Critters

My dog Sadie napping on her futon sofa

Sadie, one week with me

01/03/25 Saturday Sadie has been here for one week today.  Tedi, from Great Spirit Animal Sanctuary texted me yesterday to ask how it was going with the new adoption, and that reminded me that she might not be the only person curious to know.

I told Tedi it was going well. That there were a few bumps as Sadie learns the ropes here, but very few. She pays attention, which is very good, because my voice is quiet. Yelling is reserved for big deal things – all the rest of the communication is quiet because that’s just how polite people operate unless there’s an emergency, right?

Sadie is smart. Maybe she was born smart, maybe she learned it as a survival technique, no way for me to know. She is clearly sensitive. Many rescue animals (and humans, too) block their sensitivity as a survival tactic. But of course, some rescue animals just aren’t smart to begin with. Some just don’t have any understanding of what is going on, some don’t care anymore. Sadie is smart, sensitive, and she cares.

So anyway, Tedi wanted to know if Sadie was settling in. Yesterday I said: We are still working out the bumps but basically everything is good. After all, it’s been just a week. If I had a new human partner in my house it would take longer than a week to work out the bumps! And humans get to work out the bumps by talking them out in human language – critters don’t.

That doesn’t mean critters can’t communicate.

This morning when I let Sadie out into the yard she barked. Twice. Woof woof. That was it, and I loved hearing it. First of all, it wasn’t a crazy reaction to whatever got her attention, it was an alert. Two woofs and she was done. She stared off to the east, towards my property gate (which can’t be seen from the house or yard), and waited to see what was going to happen next. Nothing, apparently, because then she stood down and continued her patrol around the yard.

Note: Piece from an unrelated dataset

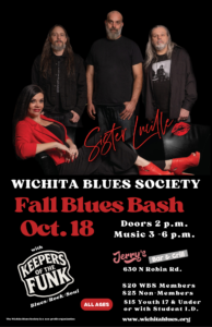 Say HELLO to Fall ! Join friends and fellow blues lovers for our 2025 Fall Blues Bash at Jerry's Bar & Grill on SATURDAY Oct. 18. Doors open at 2, music from 3 - 6p.m. from Sister Lucille and Keepers of the Funk. This is an ALL AGES SHOW! $20 for WBS Members, $25 Non-members. $15 for youth and students.
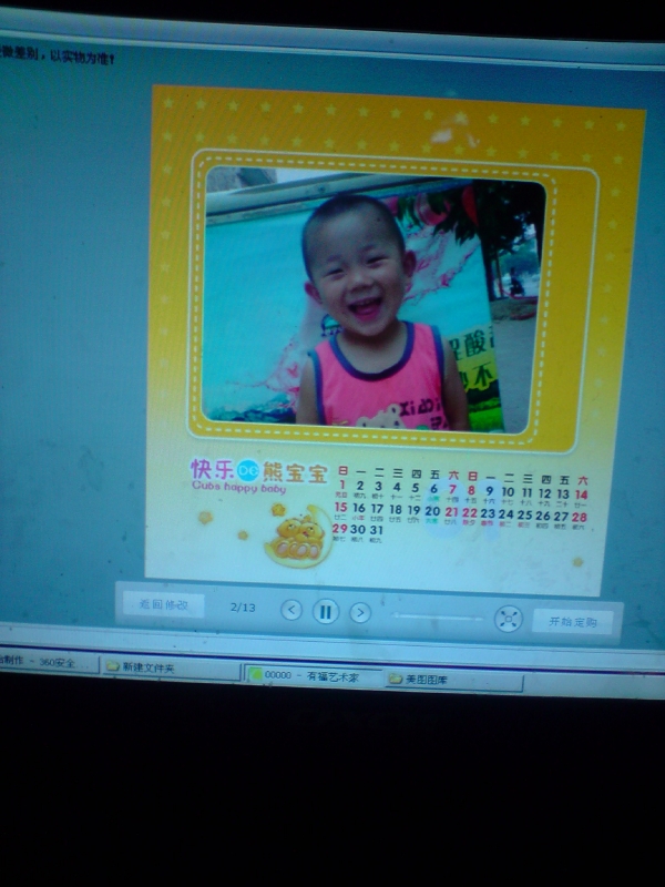 選了一個自己喜歡的小熊臺歷模板,把兩個兒子的照片一張張放進去,然后調整大小,高低,不得不說的是,這個制作軟件真的很人性化,添加照片的時候,可以把整個文件夾的照片自動添加進去,然后根據自己的喜好來選擇寶寶的照片,還有就是,照片放進去以后,如果你的照片像素低,他也會告訴你,說像素低,呵呵,包括照片添加好以后,人家按照一定的比例裁減,你也可以根據裁減的比例來調整照片的大小,很方便哦·!

Why is this good news? That Sadie alerted on something and barked meant that she was acting like a guard dog. She feels like a guard dog so she’s guarding something. That something is her territory. The two barks happened because Sadie has taken this place for her own.

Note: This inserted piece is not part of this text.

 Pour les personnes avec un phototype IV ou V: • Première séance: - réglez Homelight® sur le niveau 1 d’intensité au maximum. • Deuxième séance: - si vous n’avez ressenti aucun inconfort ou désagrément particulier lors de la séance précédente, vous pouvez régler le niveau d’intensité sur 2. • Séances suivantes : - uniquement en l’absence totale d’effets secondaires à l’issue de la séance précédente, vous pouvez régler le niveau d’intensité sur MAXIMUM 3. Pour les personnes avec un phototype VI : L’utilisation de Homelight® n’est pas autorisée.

She has been absolutely silent before this morning – aside from a few mild growls at kittens that are trying to eat her food. She has been very busy marking with her pee since day two. Sadie is satisfied that she has let everything know she lives here now. This is her place to be. She can speak up – and she has.

A proper alert bark is one or two woofs. By woof I mean a mid-range intensity sound. Not a loud bark, a woof is just enough to get attention. Alert woofs are communication sounds, meant to let her human know to pay attention to something. Sadie woofed, then stared (her body alert and tense) for a long minute before relaxing and continuing on with her day. I stepped outside and listened, but heard nothing. Poor me, I don’t have the ears or nose to know what she was alerting on, but as soon as she relaxed I told her she was a good dog. A very good dog.

 

Katie, Boer goat, on the left, and Koko, Arabian stallion, on the right, Photo from July 2025

The two Ks – Katie & Koko

12/31/25 Wednesday  As this is going to be a sort of critter journal for me, and since this is the last day of a tumultuous and sometimes traumatic year, I’m going to be adding to this page like I would my blog, except it’s going to just be about the critters. Like a blog it’s going to show the most recent entries first; unlike a blog it’s going to all stay in the same page on my website. It’ll be up to you, the reader, to scroll through if you want to see the older entries. Maybe I’ll add navigation eventually.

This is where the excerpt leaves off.